DEV Community

James Jeremy Foong
James Jeremy Foong

Posted on

I Was About to Quit Ollama — Then I Deleted One File and Never Looked Back

I Was About to Quit Ollama — Then I Deleted One File and Never Looked Back

Last month I almost quit using Ollama entirely. Not because it was slow. Not because the models were bad. Because I was tired of editing the same JSON file for the 47th time.

The Breaking Point

Here's what my evenings looked like:

ollama pull qwen2.5-coder:1.5b — cool, new model.

Then: open ~/.pi/agent/models.json. Scroll to the ollama.models array. Add { "id": "qwen2.5-coder:1.5b" }. Save. Restart pi. Test if it works. It works. Great.

ollama pull gemma3:12b — another one.

Same dance. Same file. Same restart.

ollama pull deepseek-v4-pro — bigger, more interesting.

Same. Fucking. Dance.

By model #12 in a single week, I started dreading the process. Not the models — the paperwork. I was spending more time filling out JSON IDs than actually coding with them. And I started noticing something worse: every time I had to restart pi, I lost my context. My train of thought. The thing I was actually trying to do.

That's when I realized: this isn't a model problem. This is a friction problem.

And friction at the discovery layer kills experimentation dead.

The "Why Doesn't This Exist?" Moment

I assumed someone had already solved this. pi had a concept called "extensions" — dynamic provider registration. I searched the docs, the Discord, npm. Nothing auto-discovered from Ollama's API.

Maybe I missed it. Maybe it's buried somewhere. I asked in the pi Discord. Crickets.

Quick context: this whole thing happened because I was trying something new.

For the past few months I'd been using OpenCode daily. It's solid — inline edits, web search, browser automation, the whole IDE-integrated workflow. I even had ohmyopenagent set up for custom agent behaviors. It felt like having a senior dev sitting next to me who could also Google things and operate a browser. I got used to it. It became my default.

But I kept hearing about pi — this weird minimal terminal harness that looked nothing like what I was used to. No GUI panels. No file tree sidebar. Just a TTY and a blinking cursor. People on Discord kept mentioning it like it was a secret weapon. I was skeptical. Honestly, I thought it sounded like a step backward. Why would I trade an IDE integration for a terminal?

Curiosity won. I installed it on a whim one weekend. Just to confirm my suspicion that it was overhyped.

The first thing that struck me was speed. pi opens in under a second. No electron window, no plugin loading, no "indexing your project." Just — instant. Compared to OpenCode's feature-rich setup — web search, browser automation, ohmyopenagent plugins, the whole IDE integration — pi felt almost comically lightweight. But that lightness turned out to be the point.
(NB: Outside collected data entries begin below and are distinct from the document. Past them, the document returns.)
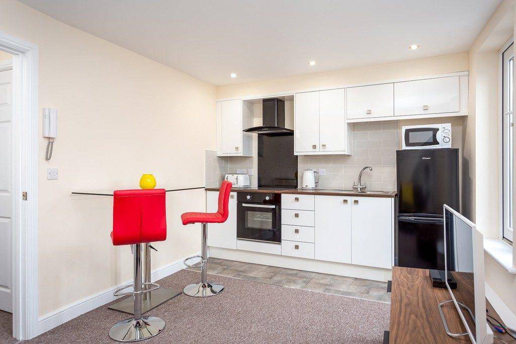 Стационарные стойки для маленьких помещений являются частью кухонного гарнитура. Конструктивно стандартная деталь интерьера представляет собой продленный фрагмент столешницы, один край которого зафиксирован на несущей трубе-опоре. Столешница-придаток может располагаться перпендикулярно относительно поверхности кухонного гарнитура либо являться прямым ее продолжением.
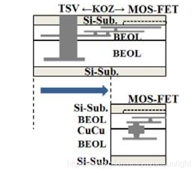 图1: 电路框图关于绑定基层和TSV(上层)和混合绑了定(下层)
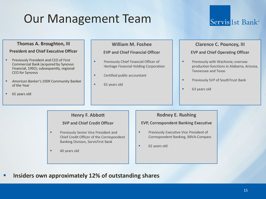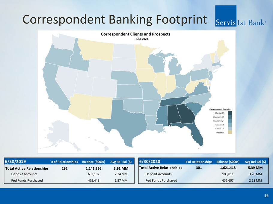 Our Management Team Thomas A. Broughton, III President and Chief Executive Officer ▪ Previously President and CEO of First Commercial Bank (acquired by Synovus Financial, 1992); subsequently, regional CEO for Synovus ▪ American Banker’s 2009 Community Banker of the Year ▪ 65 years old 15 William M. Foshee EVP and Chief Financial Officer ▪ Previously Chief Financial Officer of Heritage Financial Holding Corporation ▪ Certified public accountant ▪ 65 years old Clarence C. Pouncey , III EVP and Chief Operating Officer ▪ Previously with Wachovia; oversaw production functions in Alabama, Arizona, Tennessee and Texas ▪ Previously SVP of SouthTrust Bank ▪ 63 years old Henry F. Abbott SVP and Chief Credit Officer ▪ Previously Senior Vice President and Chief Credit Officer of the Correspondent Banking Division, ServisFirst Bank ▪ 40 years old Rodney E. Rushing EVP, Correspondent Banking Executive ▪ Previously Executive Vice President of Correspondent Banking, BBVA - Compass ▪ 62 years old ▪ Insiders own approximately 12% of outstanding shares
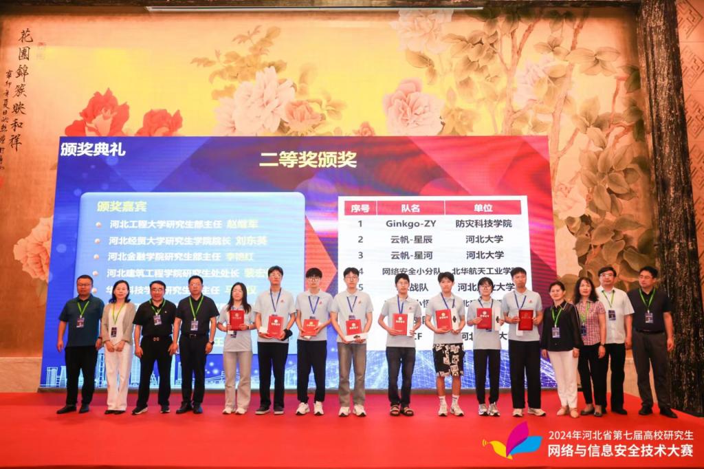 7月3日,河北省第七届高校研究生网络与信息安全技术大赛在河北省唐山富力洲际酒店进行。公司由李春辉、李欣雨、张金莎组成的Ginkgo-LLZ队获得一等奖;由张庆洁、杨国庆组成的Ginkgo-ZY队获得二等奖。王小英获得“优秀指导教师”称号。
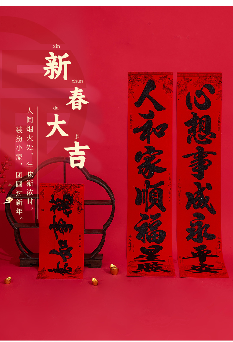 | 1.1m family reunion he xin spring full hall of joy welcome wealth(1.1M合家团圆贺新春 满堂欢乐迎富贵) | USD $1.47 | 1000 pair available |
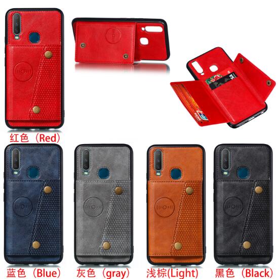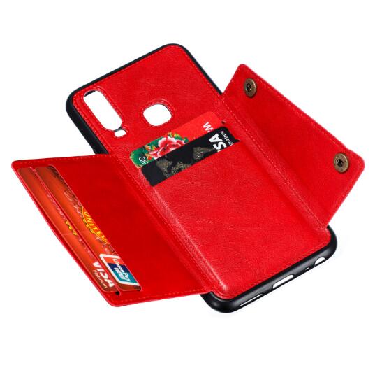 • Abctay Shockproof Double Buckle Wallet Case Cell Phone Case PU Leather Flip Stand Phone Cover With Card Slots red For VIVO Y17
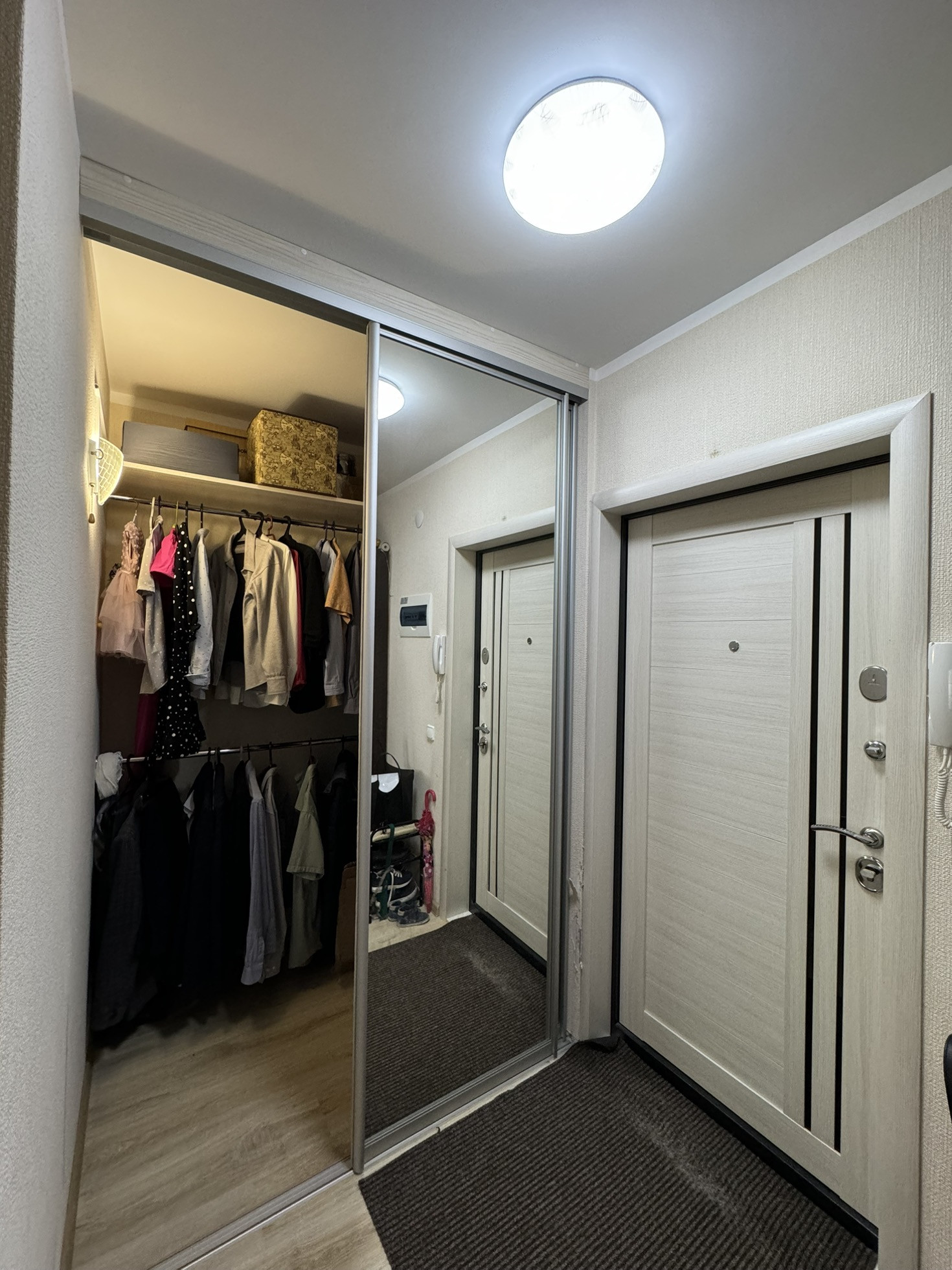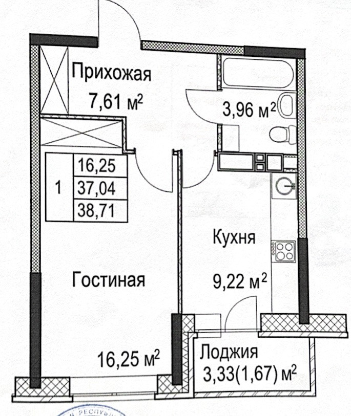 Просторная кухня 9.3м2 с выходом на лоджию, комната правильной прямоугольной формы 16.3м2 с нишей под шкаф, совмещенный санузел 4.1м2, вместительная прихожая 7.7м2 с полноценной гардеробной.
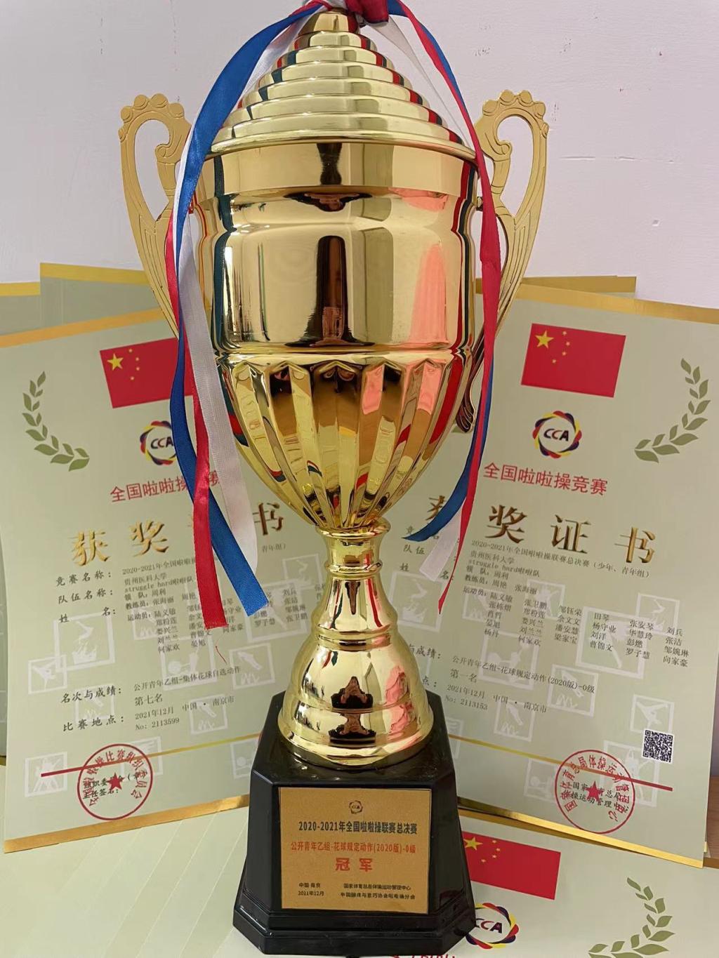 为了进一步加强普通高等公司体育工作,促进员工身心健康和全面推动素质教育,球盟会官方网站健美操队积极参加国家体育总局体育运动管理中心主办的“2021-2022年全国啦啦操联赛总决赛”,由张海丽和周艳两位教练指导的“公开青年乙组-花球规定动作-0级”项目获得总决赛冠军,充分展示了贵医学子的风采。

The second thing was the session tree. I could fork my conversation at any point, try a different approach, and jump back without losing anything. OpenCode had threads, but this felt different. More like Git branches for your thinking.

Then I found the extension system. Drop a .ts file in a directory and the agent loads it immediately. No npm init. No webpack. No build step. The code runs directly. I tested it by writing a 5-line extension that added a custom command. It worked on the first try. I stared at the terminal and realized this was a completely different category of tool.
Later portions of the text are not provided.